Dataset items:
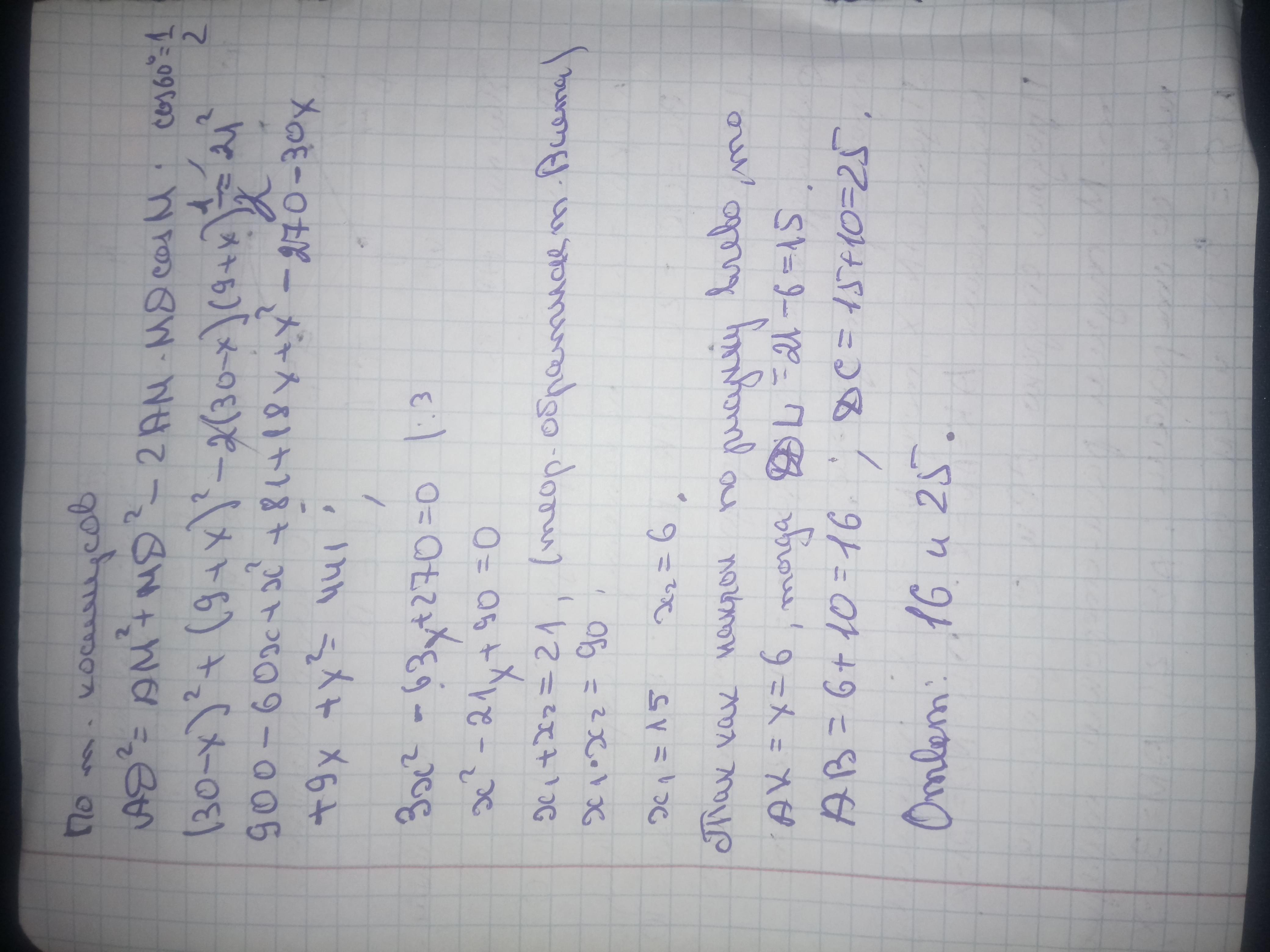 Из центра окружности провести 2-а радиуса ⇒ОМ и ОP в точки касания касательных АВ и DС соответственно⇒∆ОМВ=∆ОРС (по катету и противолежащему) ⇒ОВ=ОР, а ВМ=СP=10. Пусть АВ∩DC =Е⇒ЕА+ЕD=39 дальше ЕА=х ,а ЕD= 39-x и теорема косинусов для ∆АЕК в итоге квадратное с корнями 15 и 24
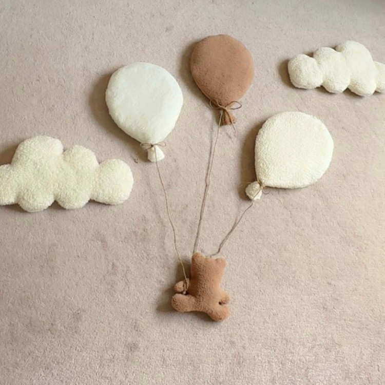 ترکیب ابرهای لطیف و بادکنکهای بامزه با پارچه تدی نرم، فضایی گرم، آرام و کودکانه میسازه که هم برای سیسمونی عالیه، هم برای عکاسی و دکور اتاق.
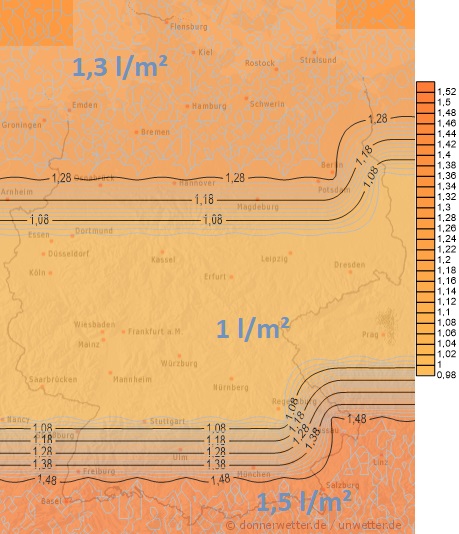 Heute wandert eine Regenzone von Westen allmählich in die Mitte von Deutschland. Gebietsweise kann es auch zu stärkeren Schauern in Verbindung mit Blitz und Donner kommen. Dabei können Niederschlagsmengen zwischen 10 und 20 Liter pro Quadratmeter, örtlich auch noch mehr auftreten.
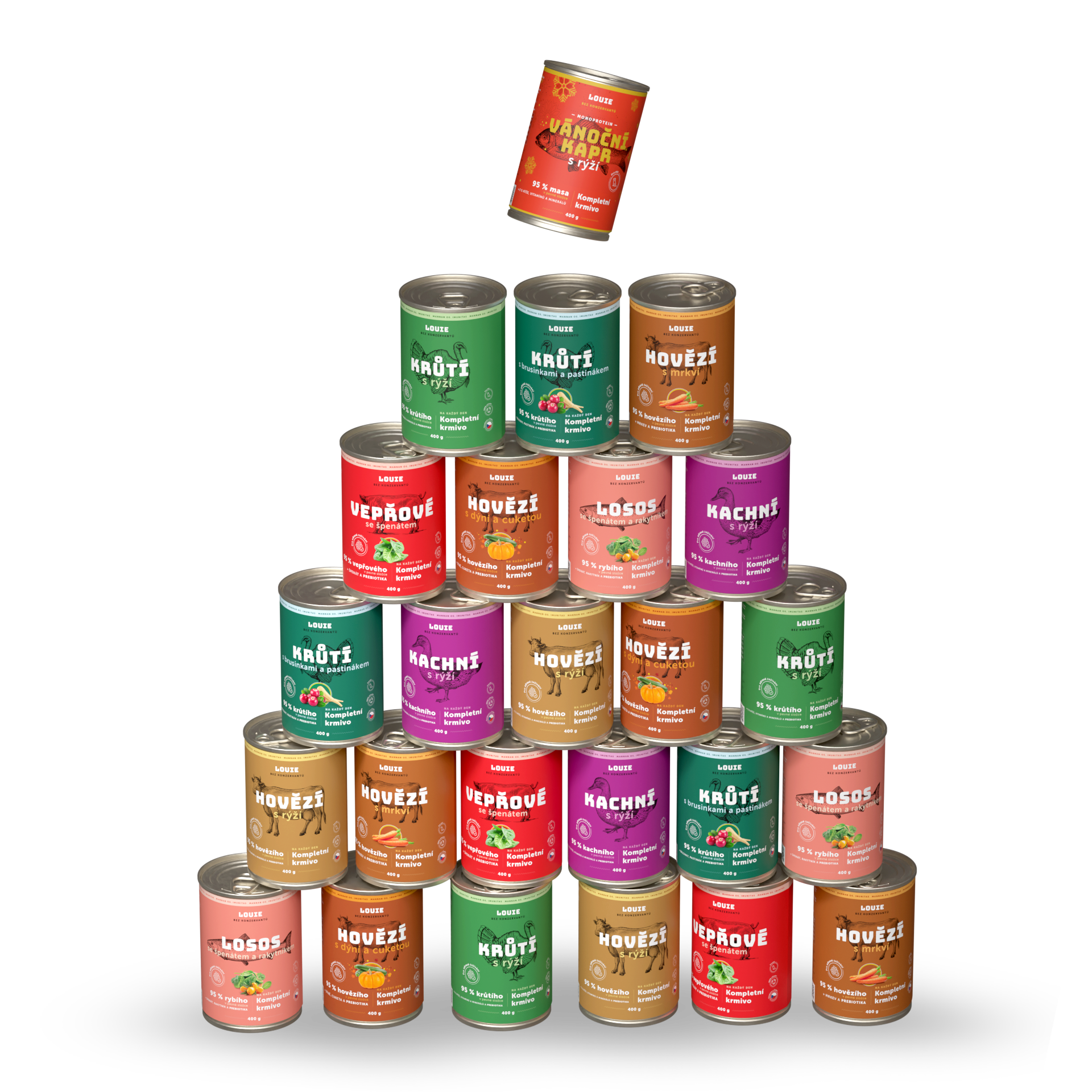 🎄 25 dní plných radosti – a kapr zdarma! Udělejte svému čtyřnohému parťákovi advent výjimečný!V balíčku najdete 25 lahodných konzerv LOUIE bez kuřecího masa, pečlivě vybraných tak, aby každý den voněl jinak – od hovězího přes krůtí až po kachní.A protože Vánoce bez kapra by nebyly Vánoce, přidali jsme speciální vánoční příchuť „Vánoční kapr“ jako dárek zdarma! 🎁 Bez obilovin, bez zbytečností, s 95 % masa a pořádnou dávkou lásky.Ideální jako adventní kalendář pro psí gurmány nebo originální vánoční dárek.
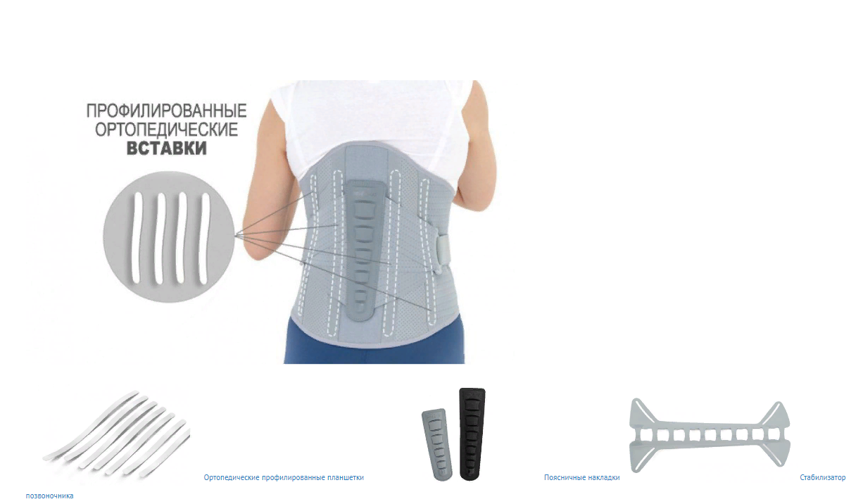 Благодаря съемным стабилизаторам корсет может быть использован на разных этапах реабилитации. На последних этапах возможно использования корсета без съемных частей
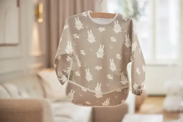 Un bavoir est toujours bien utile ! Dès que votre enfant commence à manger son premier goûter et jusqu'à l'âge de 3 ans, un bavoir vous sera très utile. En effet, manger n'est pas toujours un jeu d'enfant. Un bavoir protège les jolis vêtements de votre enfant, de sorte qu'il soit parfaitement propre après avoir mangé. Ce bavoir n'est pas seulement utile pour manger. En effet, grâce à ses manches, vous pouvez aussi l'utiliser pour peindre et bricoler avec votre enfant. Ce joli bavoir imprimé avec Miffy et Snuffy est disponible en vert olive et en nougat. Ce bavoir imperméable est conçu pour manger en toute liberté ! Imperméable et à manches longues, ce bavoir est doté d'une fermeture velcro pratique au niveau du cou.
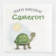 Estas servilletas fiestas personalizados tienen un ilustracion de tortuga. Una pequeña tortuga verde se coloca en la parte inferior izquierda con un sol que brilla sobre ella. Es bueno para una ducha de babú o una fiesta de cumpleaños para niños. En la parte superior se imprime un ejemplo del mensaje "Cumpleaños feliz", seguido de un nombre de ejemplo. Puede personalizar las servilletas para incluir su propio nombre o mensaje personalizado de su elección.
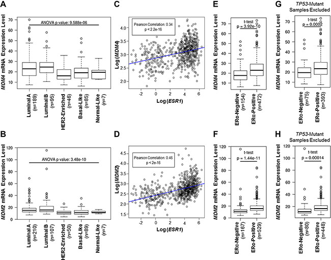 Figure 1: MDM4 and MDM2 mRNA expression is elevated in ERα-positive primary breast invasive carcinoma samples. (A–H) Analyses of MDM4 or MDM2 mRNA expression in TCGA breast invasive carcinoma cohort. (A, B) Tumor types are classified according to the PAM50 model of intrinsic subtype classification. (C, D) Pearson product-moment correlation coefficient test analysis of correlations between ESR1/ERα mRNA and either MDM4 mRNA (panel C) or MDM2 mRNA (panel D). (E, F) Tumor types are classified according to ERα status. (G, H) As in panels E and F, but TP53-mutant tumors were excluded from the analysis to study gene expression patterns that were independent of TP53 mutations. Note that for panels A, C, E and G, samples with MDM4 gene amplifications were excluded from the analysis to study patterns in MDM4 mRNA expression that were independent of MDM4 gene amplification. For panels B, D, F and H, samples with MDM2 gene amplifications were excluded from the analysis to study patterns in MDM2 mRNA expression that were independent of MDM2 gene amplification.
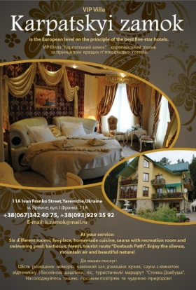 VIP Вілла «Карпатський замок» - складається із семи номерів з індивідуальним дизайном, просторої їдальні, сауни з басейном та кімнатою відпочинку. На обгородженій території знаходиться: альтанка, гойдалка, фонтан, шатро, літній басейн, кам'яний мангал, будиночок для барбекю з літнім майданчиком, стоянка для автомобілів. Безпосередньо за парканом вілли починається територія заповідника «Тропа Довбуша».
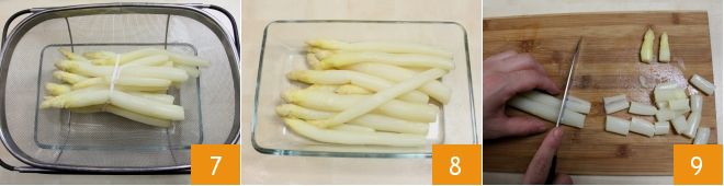 Once the time is up, drain them 7 and let them cool in a bowl 8. Then transfer the asparagus to a cutting board and cut them into chunks, keeping the tips aside 9.
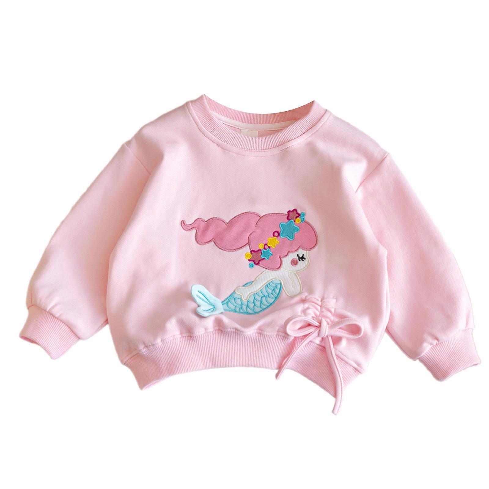 Infant Girls Sea-maid Print Long Sleeve Cotton Blend Sweatshirt Soft Casual Top For Everyday Play And Theme Parties Pink 90cm
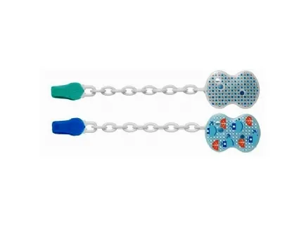 Κλιπ πιπίλας Chicco μπλε. Κλιπ πιπίλας με αλυσίδα. Για να μη χάνεται την πιπίλα και να παραμένει καθαρή. (04083)

■ Work instruction
Repeat the records above word for word, keeping no pictures in the copy.

■ Exercise solution
 Из центра окружности провести 2-а радиуса ⇒ОМ и ОP в точки касания касательных АВ и DС соответственно⇒∆ОМВ=∆ОРС (по катету и противолежащему) ⇒ОВ=ОР, а ВМ=СP=10. Пусть АВ∩DC =Е⇒ЕА+ЕD=39 дальше ЕА=х ,а ЕD= 39-x и теорема косинусов для ∆АЕК в итоге квадратное с корнями 15 и 24
 ترکیب ابرهای لطیف و بادکنکهای بامزه با پارچه تدی نرم، فضایی گرم، آرام و کودکانه میسازه که هم برای سیسمونی عالیه، هم برای عکاسی و دکور اتاق.
 Heute wandert eine Regenzone von Westen allmählich in die Mitte von Deutschland. Gebietsweise kann es auch zu stärkeren Schauern in Verbindung mit Blitz und Donner kommen. Dabei können Niederschlagsmengen zwischen 10 und 20 Liter pro Quadratmeter, örtlich auch noch mehr auftreten.
 🎄 25 dní plných radosti – a kapr zdarma! Udělejte svému čtyřnohému parťákovi advent výjimečný!V balíčku najdete 25 lahodných konzerv LOUIE bez kuřecího masa, pečlivě vybraných tak, aby každý den voněl jinak – od hovězího přes krůtí až po kachní.A protože Vánoce bez kapra by nebyly Vánoce, přidali jsme speciální vánoční příchuť „Vánoční kapr“ jako dárek zdarma! 🎁 Bez obilovin, bez zbytečností, s 95 % masa a pořádnou dávkou lásky.Ideální jako adventní kalendář pro psí gurmány nebo originální vánoční dárek.
 Благодаря съемным стабилизаторам корсет может быть использован на разных этапах реабилитации. На последних этапах возможно использования корсета без съемных частей
 Un bavoir est toujours bien utile ! Dès que votre enfant commence à manger son premier goûter et jusqu'à l'âge de 3 ans, un bavoir vous sera très utile. En effet, manger n'est pas toujours un jeu d'enfant. Un bavoir protège les jolis vêtements de votre enfant, de sorte qu'il soit parfaitement propre après avoir mangé. Ce bavoir n'est pas seulement utile pour manger. En effet, grâce à ses manches, vous pouvez aussi l'utiliser pour peindre et bricoler avec votre enfant. Ce joli bavoir imprimé avec Miffy et Snuffy est disponible en vert olive et en nougat. Ce bavoir imperméable est conçu pour manger en toute liberté ! Imperméable et à manches longues, ce bavoir est doté d'une fermeture velcro pratique au niveau du cou.
 Estas servilletas fiestas personalizados tienen un ilustracion de tortuga. Una pequeña tortuga verde se coloca en la parte inferior izquierda con un sol que brilla sobre ella. Es bueno para una ducha de babú o una fiesta de cumpleaños para niños. En la parte superior se imprime un ejemplo del mensaje "Cumpleaños feliz", seguido de un nombre de ejemplo. Puede personalizar las servilletas para incluir su propio nombre o mensaje personalizado de su elección.
 Figure 1: MDM4 and MDM2 mRNA expression is elevated in ERα-positive primary breast invasive carcinoma samples. (A–H) Analyses of MDM4 or MDM2 mRNA expression in TCGA breast invasive carcinoma cohort. (A, B) Tumor types are classified according to the PAM50 model of intrinsic subtype classification. (C, D) Pearson product-moment correlation coefficient test analysis of correlations between ESR1/ERα mRNA and either MDM4 mRNA (panel C) or MDM2 mRNA (panel D). (E, F) Tumor types are classified according to ERα status. (G, H) As in panels E and F, but TP53-mutant tumors were excluded from the analysis to study gene expression patterns that were independent of TP53 mutations. Note that for panels A, C, E and G, samples with MDM4 gene amplifications were excluded from the analysis to study patterns in MDM4 mRNA expression that were independent of MDM4 gene amplification. For panels B, D, F and H, samples with MDM2 gene amplifications were excluded from the analysis to study patterns in MDM2 mRNA expression that were independent of MDM2 gene amplification.
 VIP Вілла «Карпатський замок» - складається із семи номерів з індивідуальним дизайном, просторої їдальні, сауни з басейном та кімнатою відпочинку. На обгородженій території знаходиться: альтанка, гойдалка, фонтан, шатро, літній басейн, кам'яний мангал, будиночок для барбекю з літнім майданчиком, стоянка для автомобілів. Безпосередньо за парканом вілли починається територія заповідника «Тропа Довбуша».
 Once the time is up, drain them 7 and let them cool in a bowl 8. Then transfer the asparagus to a cutting board and cut them into chunks, keeping the tips aside 9.
 Infant Girls Sea-maid Print Long Sleeve Cotton Blend Sweatshirt Soft Casual Top For Everyday Play And Theme Parties Pink 90cm
 Κλιπ πιπίλας Chicco μπλε. Κλιπ πιπίλας με αλυσίδα. Για να μη χάνεται την πιπίλα και να παραμένει καθαρή. (04083)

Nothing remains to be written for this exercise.